Site information
- Type: Military Airfield

Location
- Coordinates: 52°32′10″N 011°26′27″E﻿ / ﻿52.53611°N 11.44083°E

Site history
- In use: 1936–1945
- Battles/wars: Western Front (World War II)

= Gardelegen Airfield =

Former airfield in Germany

Gardelegen Airfield is a former military airfield, located 5.0 km east of Gardelegen in Saxony-Anhalt, Germany.

==History==
Gardelgen Airfield was built in the late 1930s as a Luftwaffe airfield. Its history is undetermined during World War II. It is known that on 23 January 1945 a severe accident happened when a Ju 88 broke up during takeoff and crashed into a building, killing four in the ensuing fire.

The Americans moved into the area in late April 1945, It was used for casualty evacuation and battlefield supply by IX Air Service Command briefly before the German Capitulation on 8 May. The Americans withdrew from the area in July 1945 and the airfield was taken over by the Soviet Red Army as part of the Soviet Occupation Zone of Germany.

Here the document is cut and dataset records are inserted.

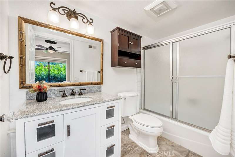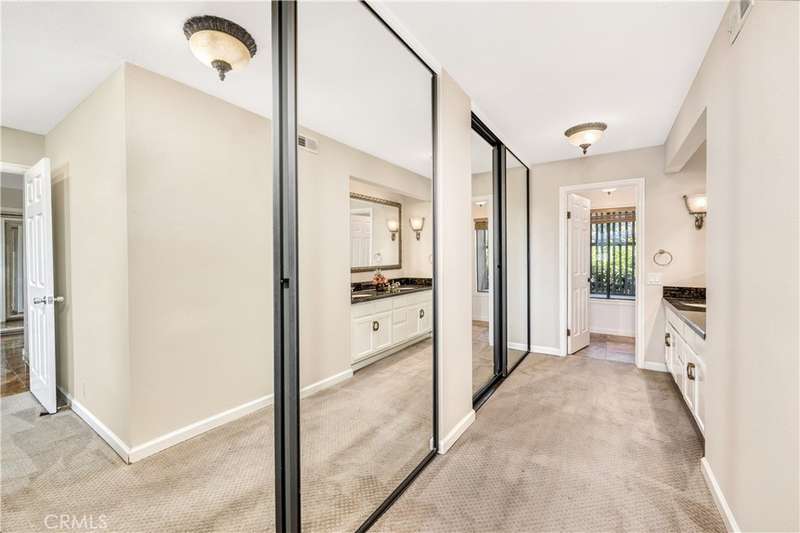 The primary bedroom is very spacious and bright with a cathedral ceiling. The amazing views from the oversized window turn this space into a wonderful personal retreat. The primary bathroom has a large window which brings in an ample amount of natural light creating a comfortable and bright space. This bathroom is outfitted with double vanities and a walk-in shower and contains an abundant amount of closet space. The second bedroom has an ensuite bathroom with a single vanity and a tub and shower combo. Multiple built-in closets throughout the unit provide an ample amount of storage space. In addition, the condo includes a two-car detached garage with a shelving system for additional storage. No Mello Roos!
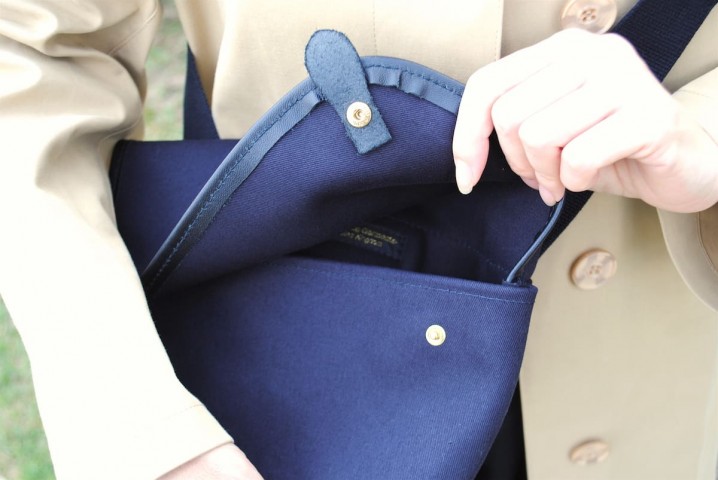 スナップボタンで開閉するシンプルな作りです。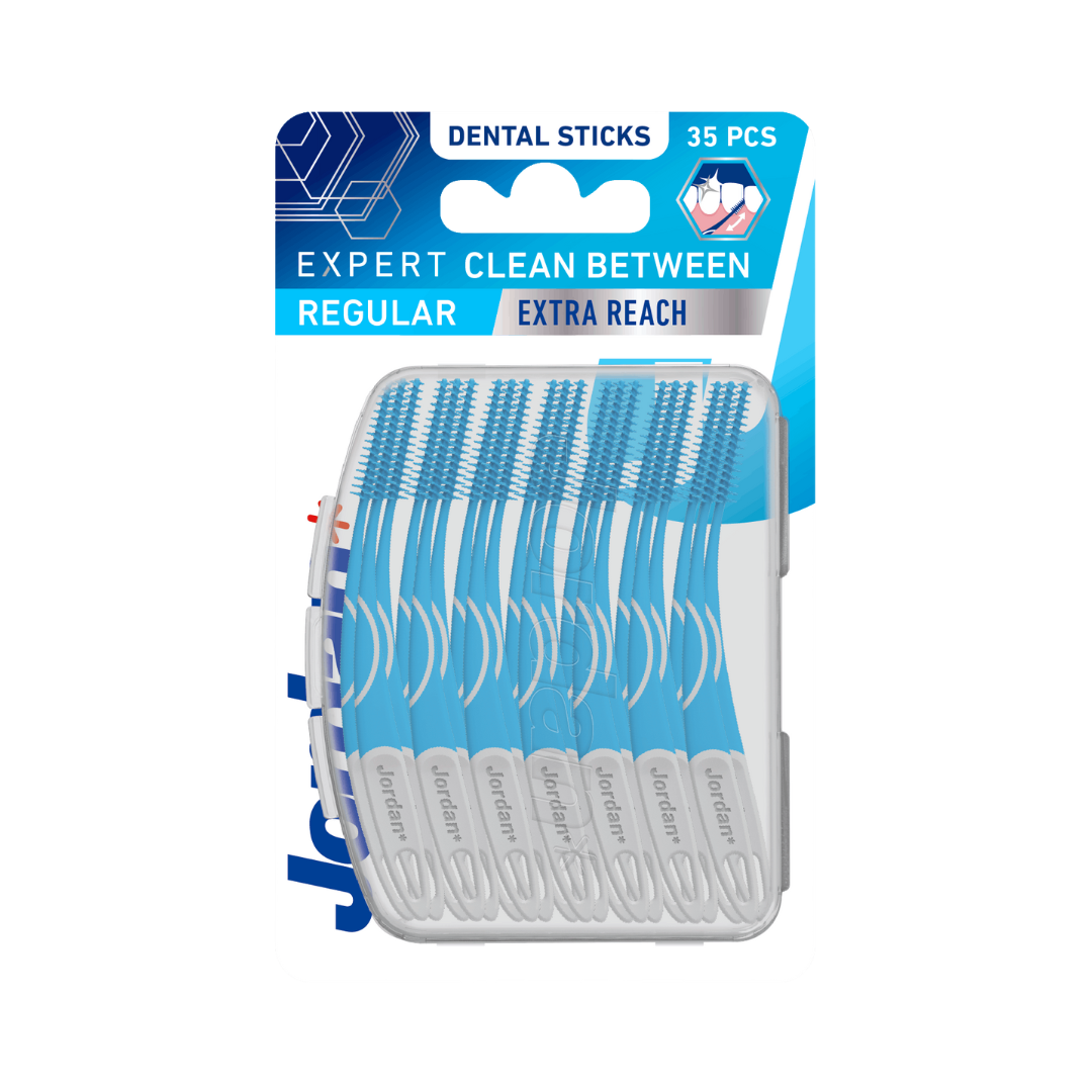 Jordan Expert Clean Between Regular kummiste harjastega hambatikud õrnaks puhastamiseks ja igemete massaažiks. Eemaldab katu ja toiduosakesed Masseerib igemeid Parem ulatus ja kontroll Mugav reisikarp

After the war the local inhabitants stripped the buildings to rebuild their own homes. Post war, the Russians took over the airfield, and it became a tank storage and repair depot, as it wasn't far from the Cold War front line, and it was envisaged that tanks would play a major part in any future warfare with the West. After German reunification, the country was keen to eradicate any memory of Russian occupation, and so the airfield was put to non military use.

Today the former airfield is an industrial area at the location, aptly called "Industriegebiet Fliegerhorst". The old airfield headquarters building was torn down in 2009; nothing remains of the airfield.